Restate every line below word for word, but drop each picture.
[Start of Attachment]
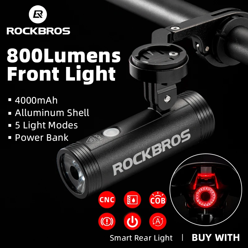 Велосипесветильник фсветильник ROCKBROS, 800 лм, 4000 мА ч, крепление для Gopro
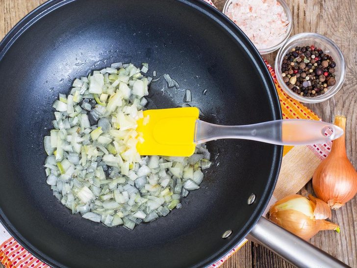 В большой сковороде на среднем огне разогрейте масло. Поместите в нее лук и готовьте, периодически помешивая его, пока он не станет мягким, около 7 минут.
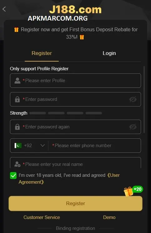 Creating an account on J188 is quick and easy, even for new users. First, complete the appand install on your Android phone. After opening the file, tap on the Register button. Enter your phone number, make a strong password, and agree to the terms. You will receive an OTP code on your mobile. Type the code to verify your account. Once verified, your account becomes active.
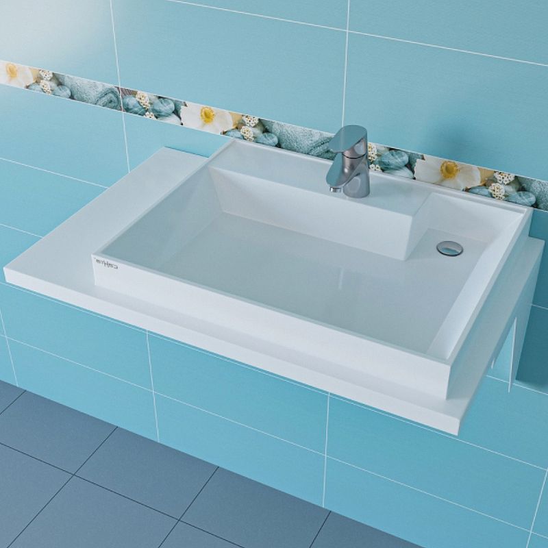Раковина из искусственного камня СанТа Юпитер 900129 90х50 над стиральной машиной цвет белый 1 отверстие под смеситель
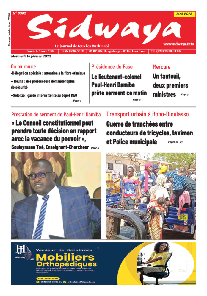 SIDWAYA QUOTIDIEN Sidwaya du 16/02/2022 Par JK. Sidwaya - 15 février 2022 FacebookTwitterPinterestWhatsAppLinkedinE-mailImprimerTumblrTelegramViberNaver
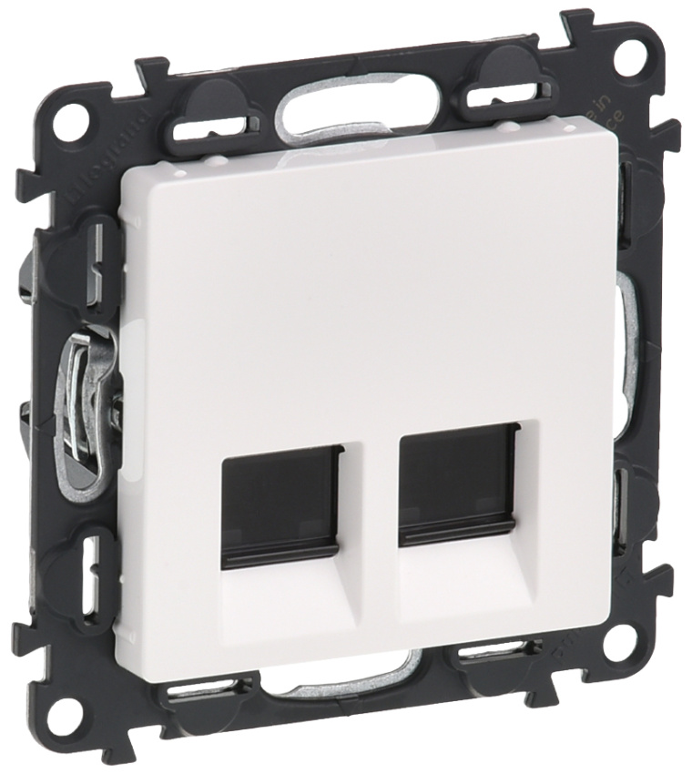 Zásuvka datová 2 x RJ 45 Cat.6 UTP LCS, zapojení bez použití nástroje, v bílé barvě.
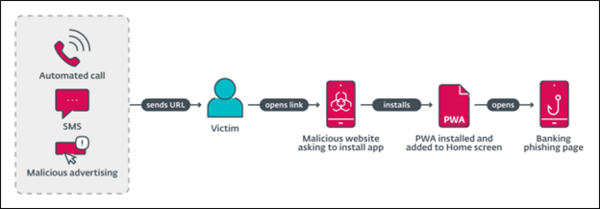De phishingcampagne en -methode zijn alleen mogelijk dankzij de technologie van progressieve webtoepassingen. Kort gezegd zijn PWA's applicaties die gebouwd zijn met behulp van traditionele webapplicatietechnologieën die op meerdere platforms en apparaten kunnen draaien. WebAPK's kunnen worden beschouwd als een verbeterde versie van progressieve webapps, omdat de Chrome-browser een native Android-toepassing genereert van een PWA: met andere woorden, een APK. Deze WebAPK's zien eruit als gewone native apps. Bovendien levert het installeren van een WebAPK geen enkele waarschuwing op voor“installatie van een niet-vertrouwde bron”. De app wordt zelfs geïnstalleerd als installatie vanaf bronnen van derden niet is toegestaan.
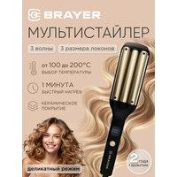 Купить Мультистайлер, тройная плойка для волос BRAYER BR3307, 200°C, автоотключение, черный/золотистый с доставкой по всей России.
[End of Attachment]
§ **RESPONSE TO THE EXERCISE**
 Велосипесветильник фсветильник ROCKBROS, 800 лм, 4000 мА ч, крепление для Gopro
 В большой сковороде на среднем огне разогрейте масло. Поместите в нее лук и готовьте, периодически помешивая его, пока он не станет мягким, около 7 минут.
 Creating an account on J188 is quick and easy, even for new users. First, complete the appand install on your Android phone. After opening the file, tap on the Register button. Enter your phone number, make a strong password, and agree to the terms. You will receive an OTP code on your mobile. Type the code to verify your account. Once verified, your account becomes active.
Раковина из искусственного камня СанТа Юпитер 900129 90х50 над стиральной машиной цвет белый 1 отверстие под смеситель
 SIDWAYA QUOTIDIEN Sidwaya du 16/02/2022 Par JK. Sidwaya - 15 février 2022 FacebookTwitterPinterestWhatsAppLinkedinE-mailImprimerTumblrTelegramViberNaver
 Zásuvka datová 2 x RJ 45 Cat.6 UTP LCS, zapojení bez použití nástroje, v bílé barvě.
De phishingcampagne en -methode zijn alleen mogelijk dankzij de technologie van progressieve webtoepassingen. Kort gezegd zijn PWA's applicaties die gebouwd zijn met behulp van traditionele webapplicatietechnologieën die op meerdere platforms en apparaten kunnen draaien. WebAPK's kunnen worden beschouwd als een verbeterde versie van progressieve webapps, omdat de Chrome-browser een native Android-toepassing genereert van een PWA: met andere woorden, een APK. Deze WebAPK's zien eruit als gewone native apps. Bovendien levert het installeren van een WebAPK geen enkele waarschuwing op voor“installatie van een niet-vertrouwde bron”. De app wordt zelfs geïnstalleerd als installatie vanaf bronnen van derden niet is toegestaan.
 Купить Мультистайлер, тройная плойка для волос BRAYER BR3307, 200°C, автоотключение, черный/золотистый с доставкой по всей России.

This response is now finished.